▶

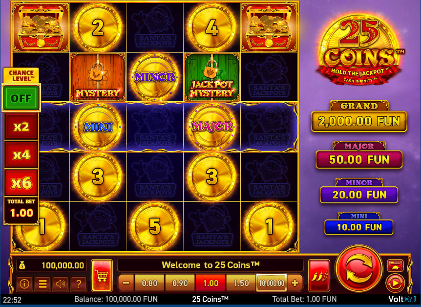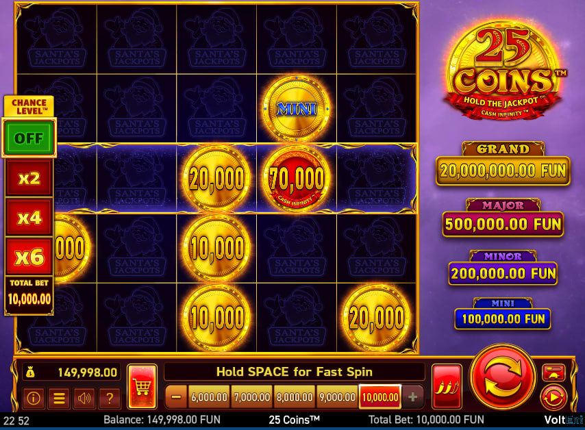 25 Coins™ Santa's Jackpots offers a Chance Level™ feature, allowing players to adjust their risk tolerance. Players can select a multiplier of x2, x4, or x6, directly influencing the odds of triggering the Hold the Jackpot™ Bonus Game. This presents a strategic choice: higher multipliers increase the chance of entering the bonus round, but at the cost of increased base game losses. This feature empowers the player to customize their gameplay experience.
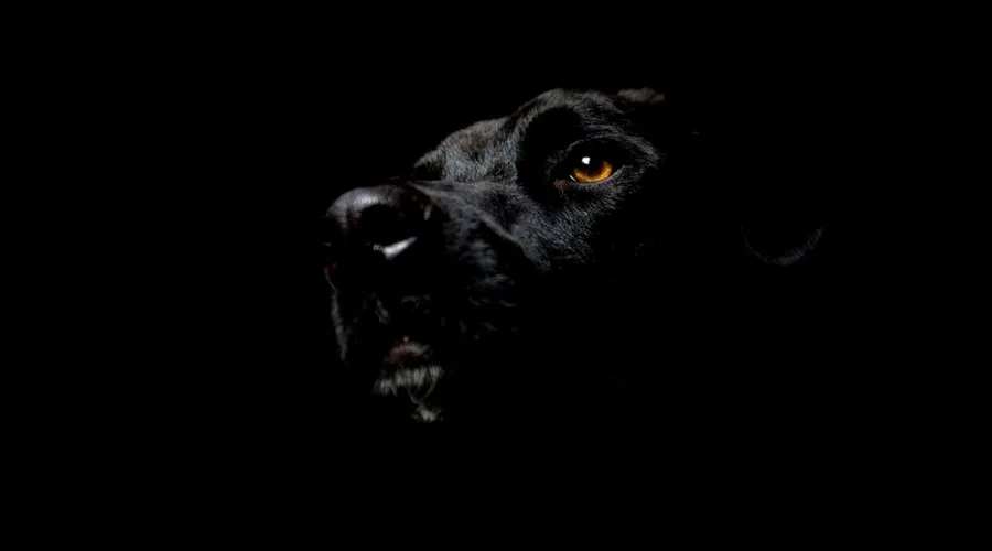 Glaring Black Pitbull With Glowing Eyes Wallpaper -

◀
▶

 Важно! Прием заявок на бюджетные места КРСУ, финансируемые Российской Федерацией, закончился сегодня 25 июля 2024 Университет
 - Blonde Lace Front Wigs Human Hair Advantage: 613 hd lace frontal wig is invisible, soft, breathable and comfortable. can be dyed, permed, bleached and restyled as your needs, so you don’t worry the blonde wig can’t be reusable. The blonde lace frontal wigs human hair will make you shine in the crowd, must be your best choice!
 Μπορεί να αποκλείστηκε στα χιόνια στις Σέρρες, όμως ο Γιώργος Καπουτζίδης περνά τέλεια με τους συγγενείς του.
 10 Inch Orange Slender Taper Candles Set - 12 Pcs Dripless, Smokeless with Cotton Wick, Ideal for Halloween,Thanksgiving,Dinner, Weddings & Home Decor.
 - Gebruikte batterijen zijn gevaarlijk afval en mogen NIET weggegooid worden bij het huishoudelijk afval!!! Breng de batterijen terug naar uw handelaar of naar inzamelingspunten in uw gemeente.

◀

• **What you are asked to do**: Within the listing above, give again exactly every line from the line with "- Blonde Lace" through the line with "Μπορεί να αποκλείστηκε", both included, and no other line.

• **Solution**:
 - Blonde Lace Front Wigs Human Hair Advantage: 613 hd lace frontal wig is invisible, soft, breathable and comfortable. can be dyed, permed, bleached and restyled as your needs, so you don’t worry the blonde wig can’t be reusable. The blonde lace frontal wigs human hair will make you shine in the crowd, must be your best choice!
 Μπορεί να αποκλείστηκε στα χιόνια στις Σέρρες, όμως ο Γιώργος Καπουτζίδης περνά τέλεια με τους συγγενείς του.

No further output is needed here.